→ ACTIVITY:
Everything below from the line with "近日,住房和城乡建设部高等教" through the line with "基于SpringBoot+V" should be copied exactly, and nothing else; leave out the pictures.

→ TASK MATERIAL:
○ ○ ○ ○ ○

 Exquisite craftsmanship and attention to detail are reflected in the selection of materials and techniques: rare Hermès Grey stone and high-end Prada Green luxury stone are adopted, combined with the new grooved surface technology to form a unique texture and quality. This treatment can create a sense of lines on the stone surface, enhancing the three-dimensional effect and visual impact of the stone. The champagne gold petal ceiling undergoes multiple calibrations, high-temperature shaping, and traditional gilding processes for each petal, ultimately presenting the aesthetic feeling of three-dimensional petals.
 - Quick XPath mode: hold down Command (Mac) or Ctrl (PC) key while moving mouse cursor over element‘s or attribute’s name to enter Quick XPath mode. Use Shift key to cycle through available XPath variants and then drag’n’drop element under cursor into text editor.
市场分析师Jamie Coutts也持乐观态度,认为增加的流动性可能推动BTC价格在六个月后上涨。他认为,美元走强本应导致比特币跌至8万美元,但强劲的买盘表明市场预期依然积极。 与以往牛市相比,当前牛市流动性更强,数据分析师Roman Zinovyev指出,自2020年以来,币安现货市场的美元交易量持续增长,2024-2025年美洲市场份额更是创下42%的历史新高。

○ ○ ○ ○ ○

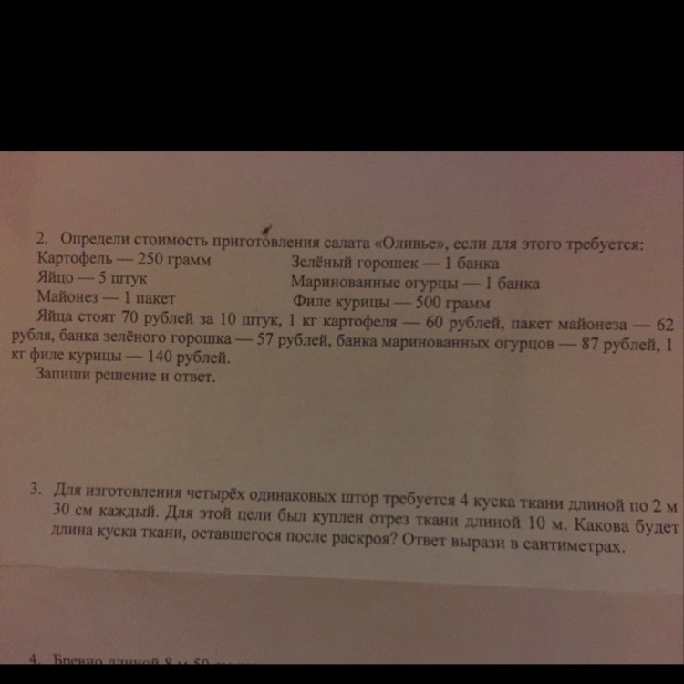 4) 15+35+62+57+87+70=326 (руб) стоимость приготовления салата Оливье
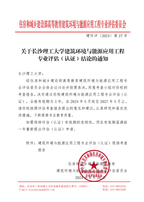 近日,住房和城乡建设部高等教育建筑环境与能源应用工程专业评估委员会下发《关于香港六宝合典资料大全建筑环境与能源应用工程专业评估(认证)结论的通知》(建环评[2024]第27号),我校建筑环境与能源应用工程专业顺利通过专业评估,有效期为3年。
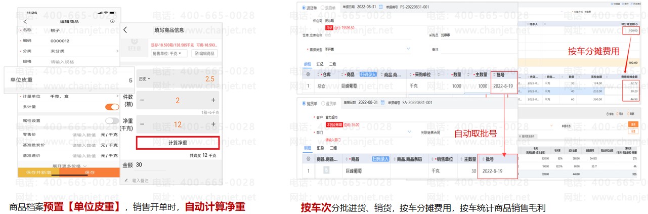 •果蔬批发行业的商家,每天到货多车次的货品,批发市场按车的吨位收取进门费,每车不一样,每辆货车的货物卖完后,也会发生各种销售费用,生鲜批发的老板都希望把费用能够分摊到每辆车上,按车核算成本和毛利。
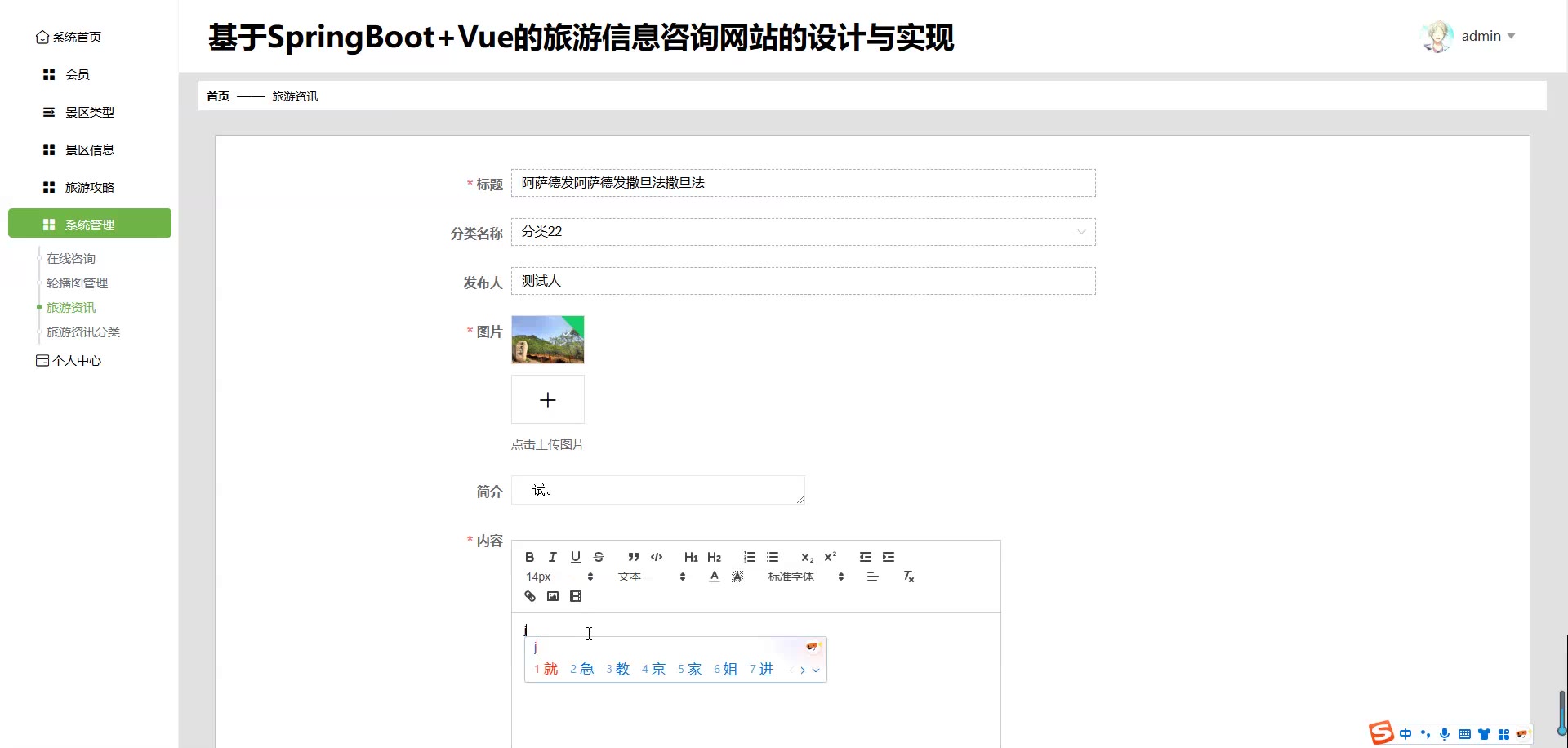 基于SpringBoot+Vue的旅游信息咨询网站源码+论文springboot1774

○ ○ ○ ○ ○

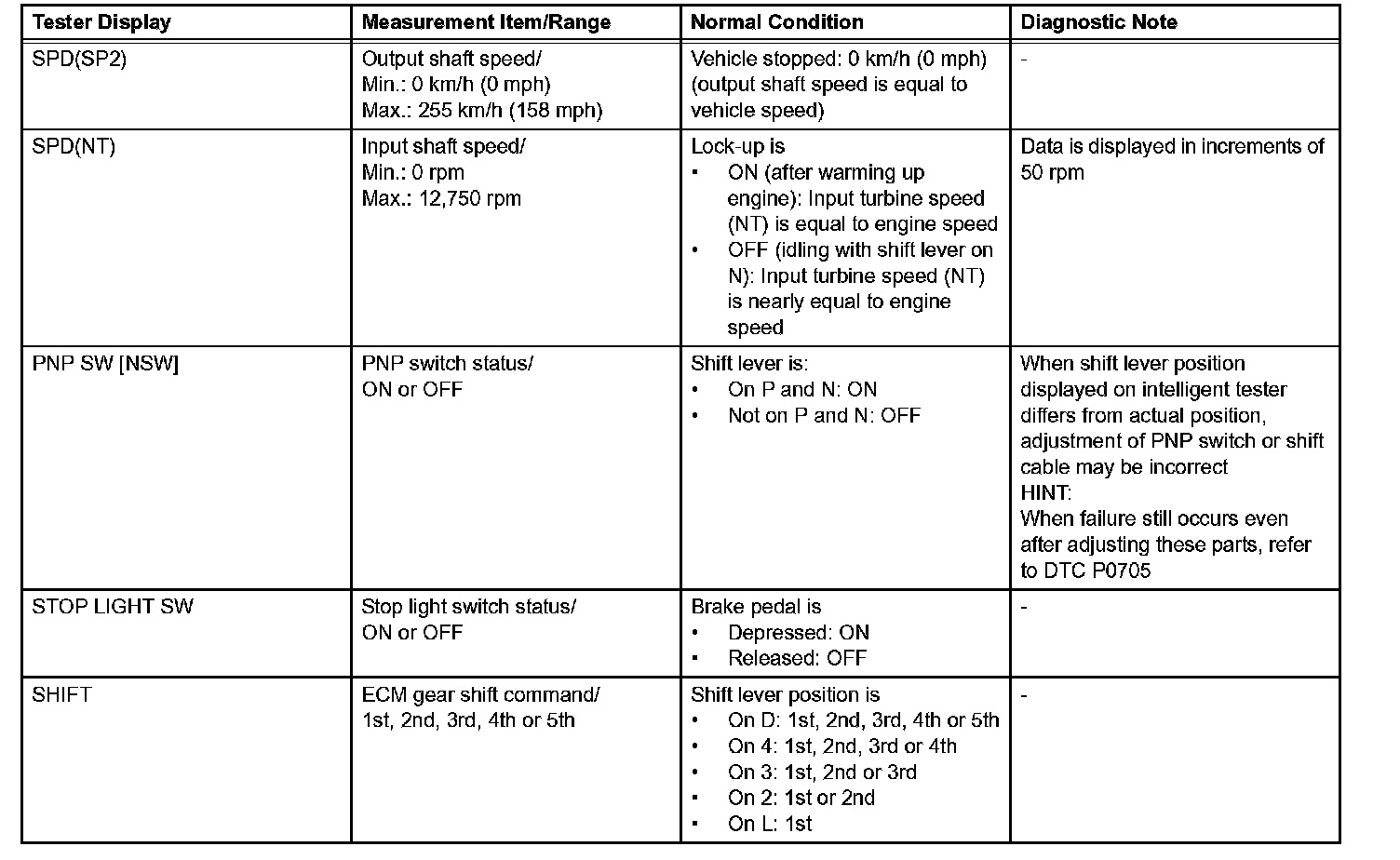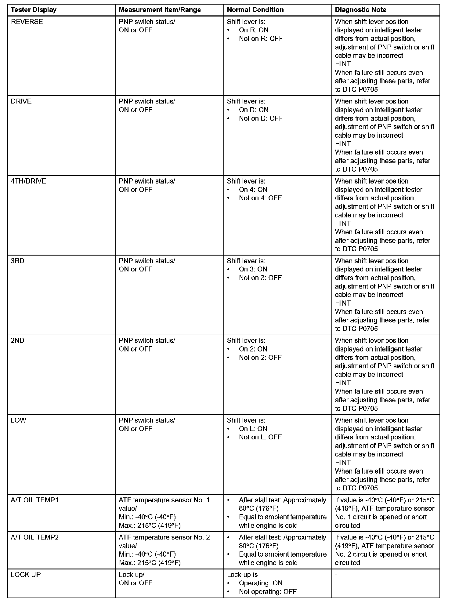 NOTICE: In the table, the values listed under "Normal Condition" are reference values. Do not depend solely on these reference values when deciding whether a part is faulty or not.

○ ○ ○ ○ ○

→ ANSWER TO THE PROBLEM:
 近日,住房和城乡建设部高等教育建筑环境与能源应用工程专业评估委员会下发《关于香港六宝合典资料大全建筑环境与能源应用工程专业评估(认证)结论的通知》(建环评[2024]第27号),我校建筑环境与能源应用工程专业顺利通过专业评估,有效期为3年。
 •果蔬批发行业的商家,每天到货多车次的货品,批发市场按车的吨位收取进门费,每车不一样,每辆货车的货物卖完后,也会发生各种销售费用,生鲜批发的老板都希望把费用能够分摊到每辆车上,按车核算成本和毛利。
 基于SpringBoot+Vue的旅游信息咨询网站源码+论文springboot1774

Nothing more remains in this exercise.